I first discovered the Harappan civilization while reading H. Beam Piper's excellent short story Omnilingual.  Like many other authors, Piper was fascinated with the concept of Martian civilization.  In this story, the advanced civilization of Mars has vanished while leaving tantalizing clues.  Martha Dane is on the first Earth expedition to Mars, she had previously worked on the Harappa civilization in the Indus valley.

So when I run across stories about Harappa, I pause to think of Piper. Then I plunge into reading the newest story on this mysterious civilization that was in some ways far greater than the better known civilizations that rose alongside the Nile, Euphrates, and Tigris rivers.
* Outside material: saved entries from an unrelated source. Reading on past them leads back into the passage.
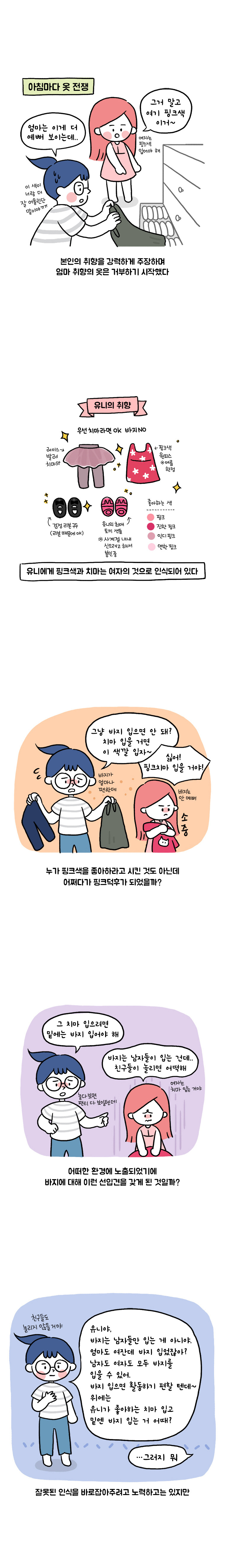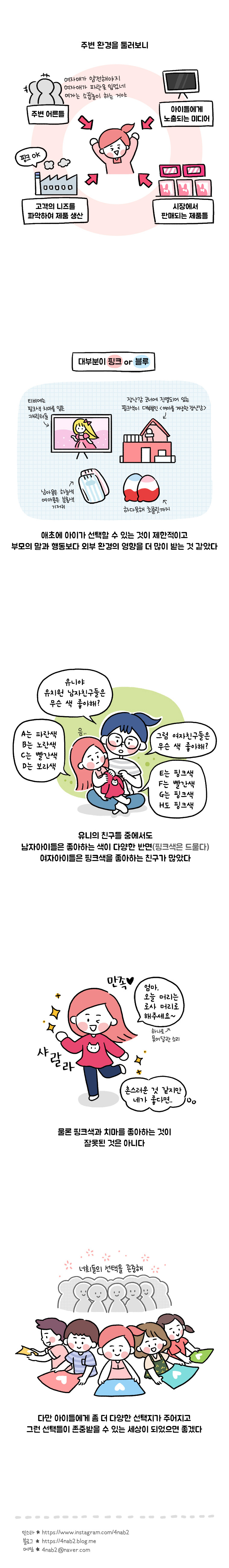 (아마 이런 생각들 때문에 시장에 핑크색 제품들이 쏟아져 나오는 거겠죠?ㅠ 악순환을 어디서부터 끊어내야하는지..그림에 나왔다시피 핑크색을 좋아하는 게 잘못은 아니지만 좀 더 다양한 색을 접했으면 하는 바람이에요)
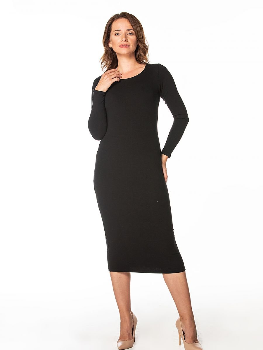 Długa, dopasowana i prosta sukienka z dzianiny bawełnianej z dekoltem w łódkę i długim rękawem.
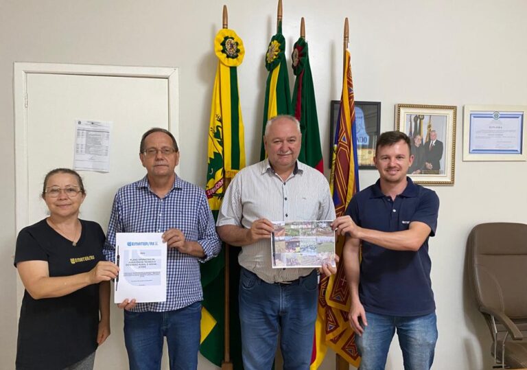 Na ocasião, eles entregaram o relatório das atividades desenvolvidas no município durante o ano de 2022, visando atender às prioridades e necessidades dos agricultores familiares e demais agricultores que buscam orientações junto ao escritório local. Além disso, foi entregue ao Executivo Municipal, o Plano Operativo do ano de 2023, com as atividades planejadas para o próximo ano. O prefeito Armando Mayerhofer reforçou a importância do trabalho da Emater no apoio e incentivo às agroindústrias, a Feira do Produtor e nos programas e políticas públicas desenvolvidas para o produtor rural.

After extensive use of satellite data along with years of geologic sampling where the Harappan civilization flourished, the scientists have come to a possible theory on why it collapsed.  The culprit it seems is the sun.  For several thousand years solar radiation in the Northern Hemisphere moderated the monsoon rains which allowed the Harappan civilization to reach great heights.  And then that same solar radiation caused the fall of the same civilization as the monsoon rains dwindled and the land became incapable of supporting the same population density because the land then dried out.  So the people of Harappa migrated east towards the Ganges and its more reliable monsoon rains, leaving behind a mystery that is now just a bit less mysterious.